(Saved entries)
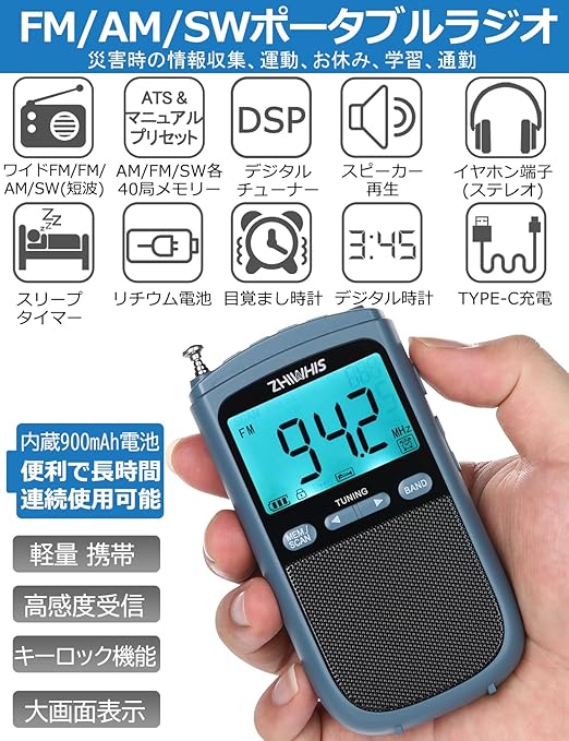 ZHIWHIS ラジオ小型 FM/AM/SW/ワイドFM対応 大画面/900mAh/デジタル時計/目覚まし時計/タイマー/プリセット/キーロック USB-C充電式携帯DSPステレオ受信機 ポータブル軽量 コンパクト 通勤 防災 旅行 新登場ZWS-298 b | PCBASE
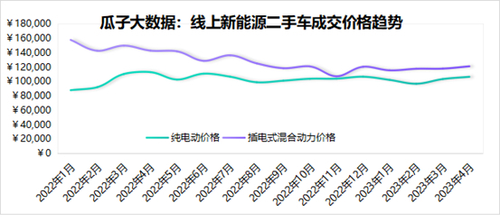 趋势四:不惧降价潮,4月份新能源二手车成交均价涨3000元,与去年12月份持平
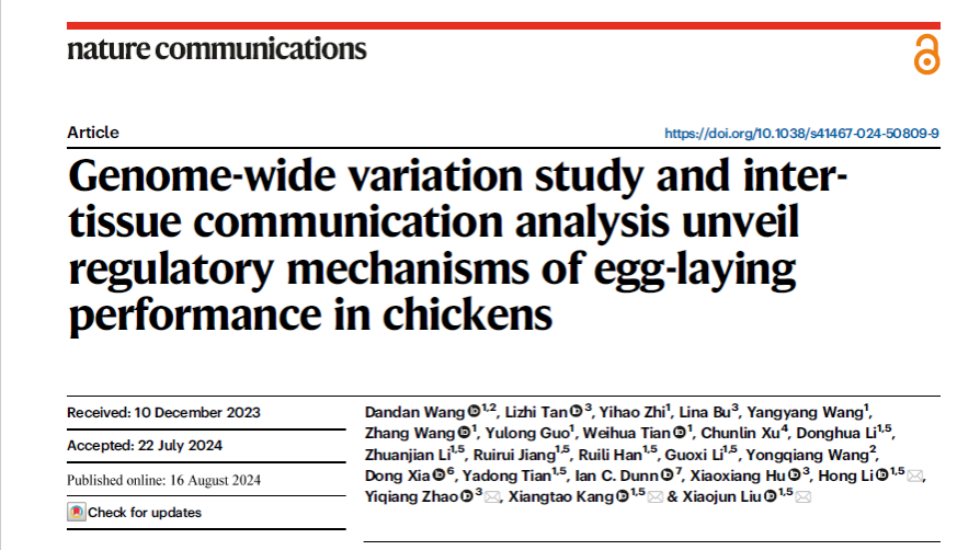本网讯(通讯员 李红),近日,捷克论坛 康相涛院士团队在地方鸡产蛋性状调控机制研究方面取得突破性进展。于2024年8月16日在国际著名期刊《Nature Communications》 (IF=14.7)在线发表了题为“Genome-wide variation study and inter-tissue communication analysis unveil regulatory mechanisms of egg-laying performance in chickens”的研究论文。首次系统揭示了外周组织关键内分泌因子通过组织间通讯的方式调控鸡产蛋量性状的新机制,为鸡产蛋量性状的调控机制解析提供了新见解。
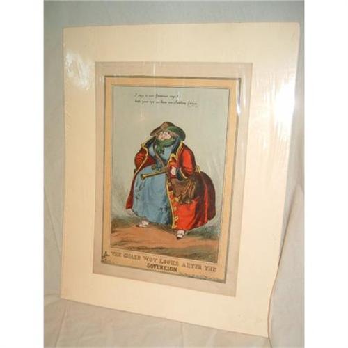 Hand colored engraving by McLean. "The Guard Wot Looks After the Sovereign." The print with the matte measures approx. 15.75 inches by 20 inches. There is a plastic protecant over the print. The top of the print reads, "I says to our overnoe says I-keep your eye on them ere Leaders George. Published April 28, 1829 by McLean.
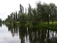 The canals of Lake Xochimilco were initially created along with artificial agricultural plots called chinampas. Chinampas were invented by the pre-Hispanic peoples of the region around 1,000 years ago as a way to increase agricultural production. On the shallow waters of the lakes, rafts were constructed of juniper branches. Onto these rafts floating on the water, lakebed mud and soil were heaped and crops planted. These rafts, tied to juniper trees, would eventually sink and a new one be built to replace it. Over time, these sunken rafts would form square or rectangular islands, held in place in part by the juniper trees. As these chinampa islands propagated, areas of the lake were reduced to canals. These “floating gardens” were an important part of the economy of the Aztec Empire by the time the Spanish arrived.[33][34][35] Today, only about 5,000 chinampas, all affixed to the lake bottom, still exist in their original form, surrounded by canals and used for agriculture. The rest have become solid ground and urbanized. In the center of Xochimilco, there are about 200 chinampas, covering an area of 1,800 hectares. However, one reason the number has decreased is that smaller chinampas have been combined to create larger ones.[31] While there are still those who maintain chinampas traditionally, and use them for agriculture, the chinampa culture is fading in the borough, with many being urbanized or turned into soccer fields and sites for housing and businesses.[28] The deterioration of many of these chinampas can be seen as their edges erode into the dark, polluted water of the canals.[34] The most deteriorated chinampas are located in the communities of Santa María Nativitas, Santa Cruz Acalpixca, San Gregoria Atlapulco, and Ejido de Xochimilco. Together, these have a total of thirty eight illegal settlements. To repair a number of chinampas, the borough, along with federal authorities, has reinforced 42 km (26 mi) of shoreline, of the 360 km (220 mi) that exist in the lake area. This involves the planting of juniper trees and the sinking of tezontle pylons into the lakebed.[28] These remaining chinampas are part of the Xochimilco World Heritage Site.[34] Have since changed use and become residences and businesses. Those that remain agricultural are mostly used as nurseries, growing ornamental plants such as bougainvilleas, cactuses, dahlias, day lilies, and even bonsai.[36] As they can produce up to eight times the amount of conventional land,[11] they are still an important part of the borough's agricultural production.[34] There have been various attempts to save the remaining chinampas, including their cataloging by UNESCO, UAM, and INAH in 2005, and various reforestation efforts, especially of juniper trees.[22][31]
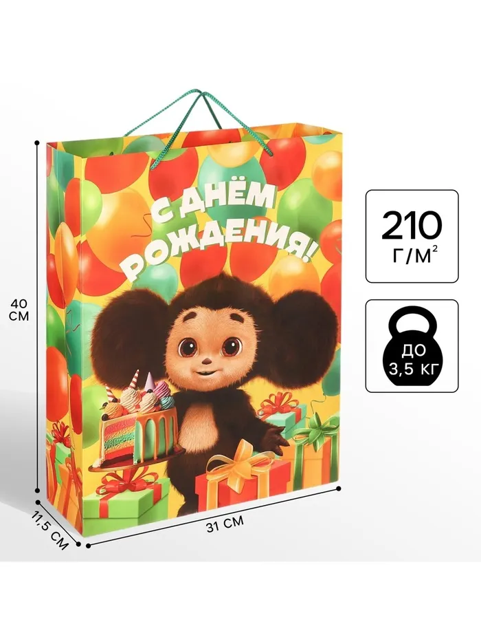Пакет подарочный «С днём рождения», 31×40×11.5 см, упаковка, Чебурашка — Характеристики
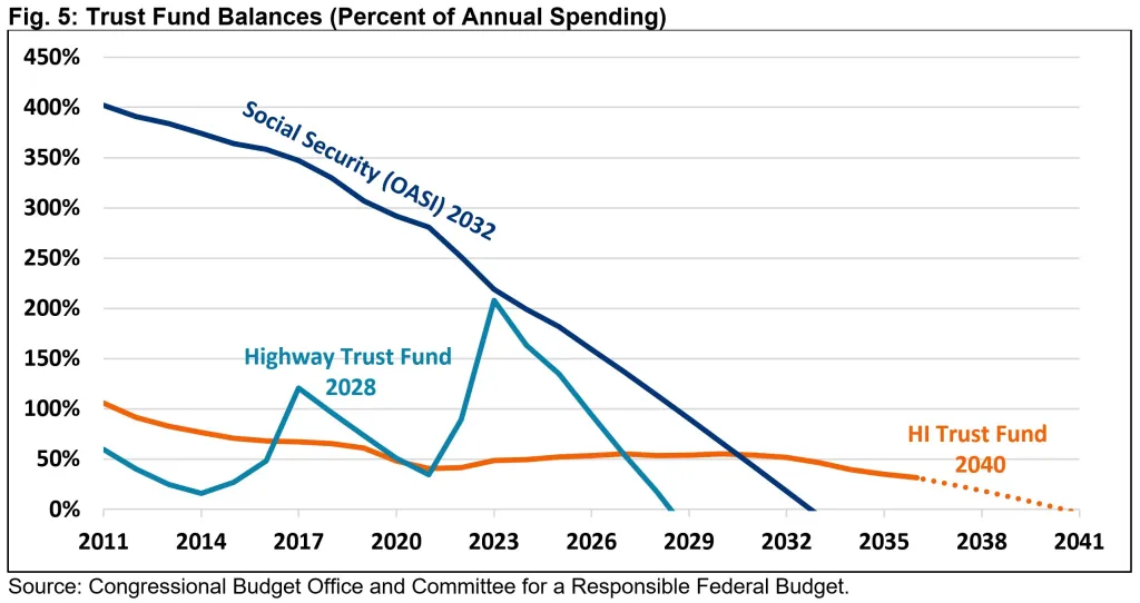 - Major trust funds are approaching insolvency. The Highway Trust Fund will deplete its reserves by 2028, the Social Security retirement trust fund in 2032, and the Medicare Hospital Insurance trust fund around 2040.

Requirement
Among the records above, locate the line containing "趋势四:不惧降价潮,4月份新能源二手车成交均价涨3000元,与去年12月份持平" and the line containing "variation study and", then transcribe exactly the lines starting at the first and ending at the second, with no pictures.

Reply to the exercise
 趋势四:不惧降价潮,4月份新能源二手车成交均价涨3000元,与去年12月份持平
本网讯(通讯员 李红),近日,捷克论坛 康相涛院士团队在地方鸡产蛋性状调控机制研究方面取得突破性进展。于2024年8月16日在国际著名期刊《Nature Communications》 (IF=14.7)在线发表了题为“Genome-wide variation study and inter-tissue communication analysis unveil regulatory mechanisms of egg-laying performance in chickens”的研究论文。首次系统揭示了外周组织关键内分泌因子通过组织间通讯的方式调控鸡产蛋量性状的新机制,为鸡产蛋量性状的调控机制解析提供了新见解。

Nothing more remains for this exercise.